What the task requires> Among the lines of data below, reproduce only those from the one with "District 6 at Central Grange" through the one with "More than 2", exactly as they stand, both ends included.

Study material>
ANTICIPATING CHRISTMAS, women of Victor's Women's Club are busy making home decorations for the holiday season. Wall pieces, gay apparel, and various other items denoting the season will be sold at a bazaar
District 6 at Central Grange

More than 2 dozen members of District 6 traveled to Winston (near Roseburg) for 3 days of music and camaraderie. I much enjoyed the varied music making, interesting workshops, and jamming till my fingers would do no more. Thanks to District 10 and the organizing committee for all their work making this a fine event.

...

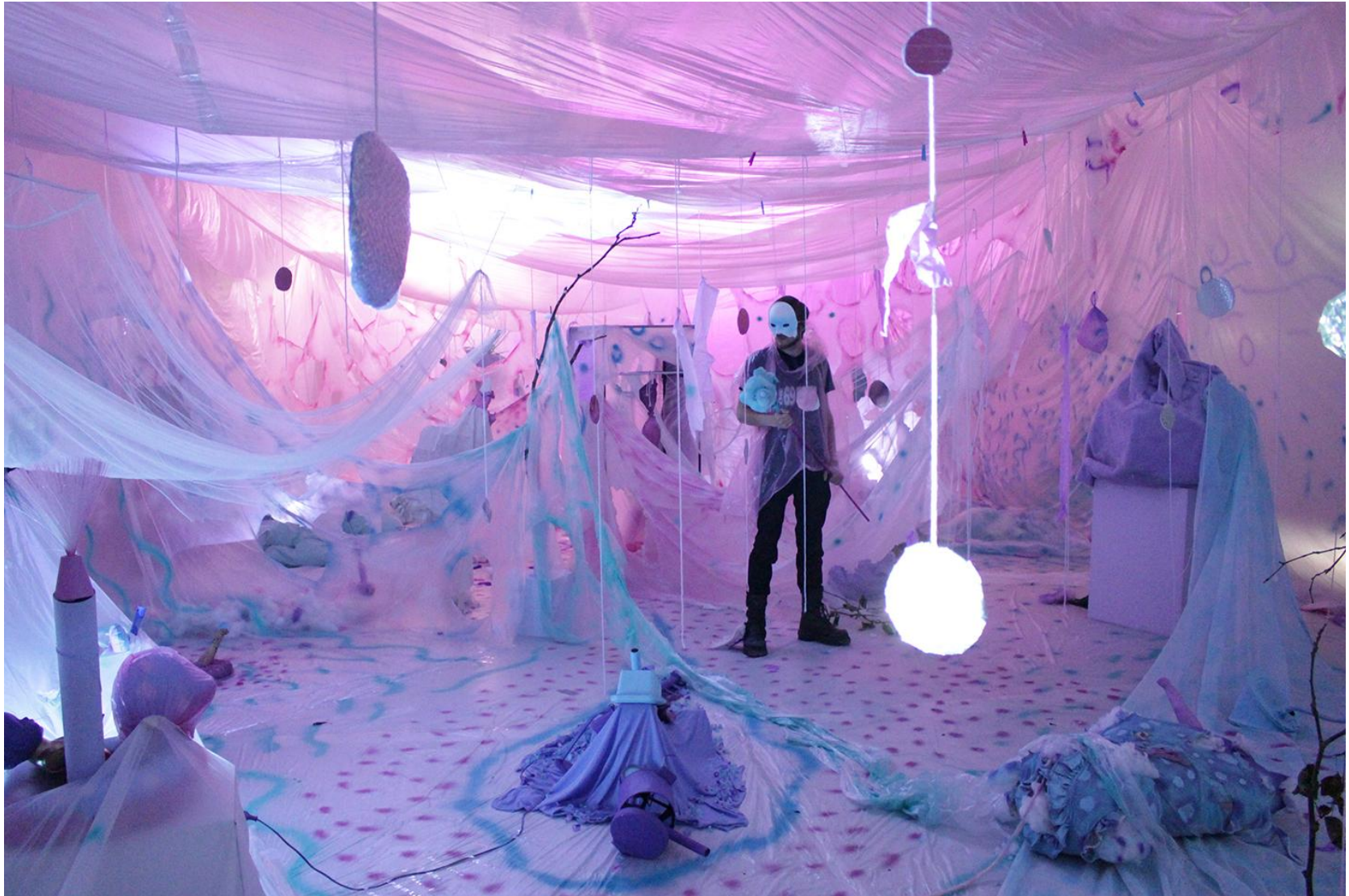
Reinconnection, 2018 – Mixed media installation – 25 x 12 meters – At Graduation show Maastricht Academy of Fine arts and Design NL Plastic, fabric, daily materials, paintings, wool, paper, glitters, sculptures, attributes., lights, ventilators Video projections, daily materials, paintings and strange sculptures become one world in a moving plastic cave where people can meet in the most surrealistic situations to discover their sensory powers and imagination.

Answer>
District 6 at Central Grange

More than 2 dozen members of District 6 traveled to Winston (near Roseburg) for 3 days of music and camaraderie. I much enjoyed the varied music making, interesting workshops, and jamming till my fingers would do no more. Thanks to District 10 and the organizing committee for all their work making this a fine event.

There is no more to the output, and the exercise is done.